Work task »
Your output should match the listing below word for word, without any images.

Recorded information »
---
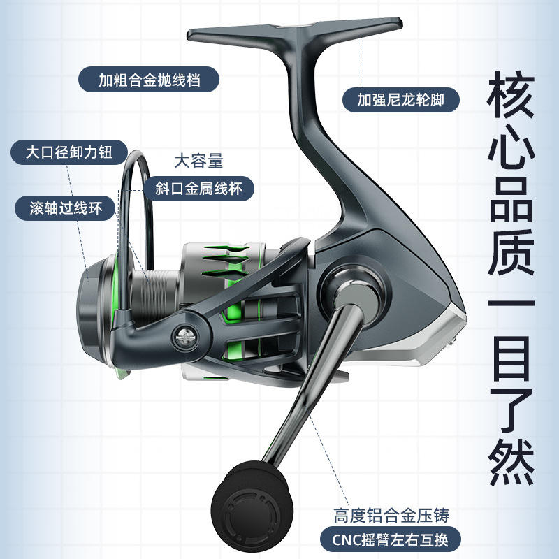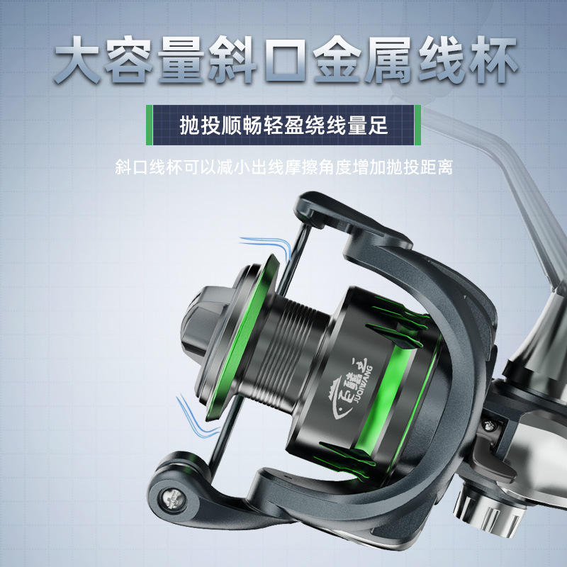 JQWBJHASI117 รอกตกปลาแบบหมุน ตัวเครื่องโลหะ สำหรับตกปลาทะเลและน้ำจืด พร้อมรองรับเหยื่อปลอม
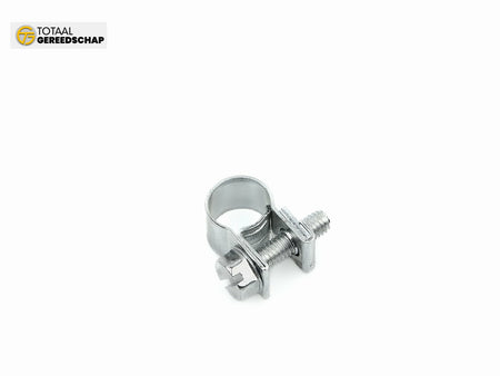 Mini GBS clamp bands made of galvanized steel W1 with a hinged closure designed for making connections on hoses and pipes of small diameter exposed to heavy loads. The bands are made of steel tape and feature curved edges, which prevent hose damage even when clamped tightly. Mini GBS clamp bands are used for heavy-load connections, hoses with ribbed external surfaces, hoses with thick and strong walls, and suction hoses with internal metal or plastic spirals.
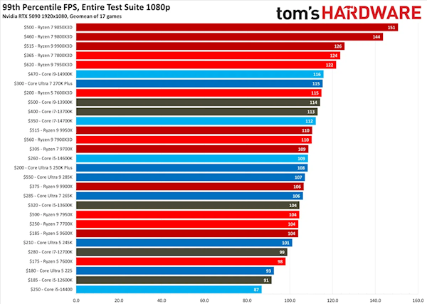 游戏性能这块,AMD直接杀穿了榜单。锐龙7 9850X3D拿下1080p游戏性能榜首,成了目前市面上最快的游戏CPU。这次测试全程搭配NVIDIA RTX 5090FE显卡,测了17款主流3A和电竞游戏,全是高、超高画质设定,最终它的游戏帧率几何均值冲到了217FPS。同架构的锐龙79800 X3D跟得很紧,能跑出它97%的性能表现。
---
Task answer »
 JQWBJHASI117 รอกตกปลาแบบหมุน ตัวเครื่องโลหะ สำหรับตกปลาทะเลและน้ำจืด พร้อมรองรับเหยื่อปลอม
 Mini GBS clamp bands made of galvanized steel W1 with a hinged closure designed for making connections on hoses and pipes of small diameter exposed to heavy loads. The bands are made of steel tape and feature curved edges, which prevent hose damage even when clamped tightly. Mini GBS clamp bands are used for heavy-load connections, hoses with ribbed external surfaces, hoses with thick and strong walls, and suction hoses with internal metal or plastic spirals.
 游戏性能这块,AMD直接杀穿了榜单。锐龙7 9850X3D拿下1080p游戏性能榜首,成了目前市面上最快的游戏CPU。这次测试全程搭配NVIDIA RTX 5090FE显卡,测了17款主流3A和电竞游戏,全是高、超高画质设定,最终它的游戏帧率几何均值冲到了217FPS。同架构的锐龙79800 X3D跟得很紧,能跑出它97%的性能表现。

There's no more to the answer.